Том 2. Земля в ярме. Радуга | страница 70
— Правда, что для этого следствия человека ошпаривают, как свинью?
— И, что ты, дурной! Режут, только и всего.
— И все увидят?
— Да ведь и так видно. Голова разбита, живот весь черный.
— Им надо все точно знать, что повреждено, что нет.
— У лесников бы так пошарили!
— Нам бы их дали, мы бы у них сейчас же все кишки обследовали!
— Болтать-то мы все умеем, а вот когда лесники у нас в руках были, так мы дали их из-под носа увезти.
— А кто же знал, что староста за полицией побежал?
— Он же еще вчера говорил, что с утра полиция будет.
— Говорить-то он говорил.
Они бродили вокруг сарая старосты, останавливались группками на дороге, возбужденные и злые. Накопившаяся ярость как-то расползлась, не успев разрядиться. Начинались запоздалые сожаления, взаимные попреки, пересуды. Тщетно искали виновника. Ясно было одно, что лесники уже в безопасности, в Ржепках, а то и дальше. В сарае лежит труп. А усадьба как стояла, так и стоит.

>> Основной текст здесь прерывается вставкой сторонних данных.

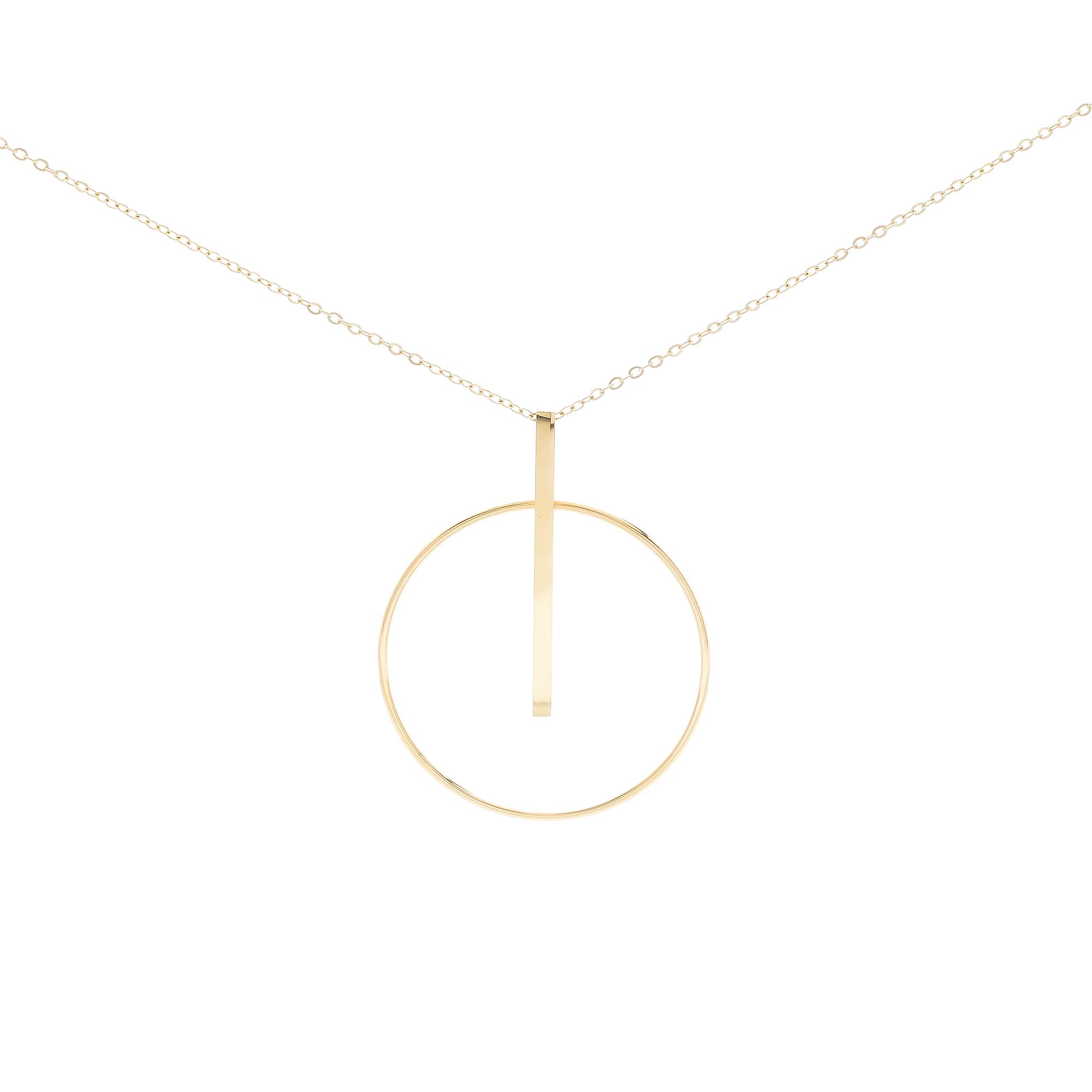 Este es un collar con un diseño geométrico y minimalista. El colgante está compuesto por un aro circular grande que es atravesado por una barra vertical lisa y de acabado lustroso.

— Люди добрые, как же так? Ведь нас там человек с тысячу было!
— Тысяча, а то и больше.
— И что?
— И-и, дерьмо! Рыбу у графа выпустить, деревцо срубить, на это вас взять! А как дойдет до чего поважней, так и баста… Чисто коровы на выгоне! — съязвила одна из баб.
В этот день никто не пошел в поле. До поздней ночи шумела деревня.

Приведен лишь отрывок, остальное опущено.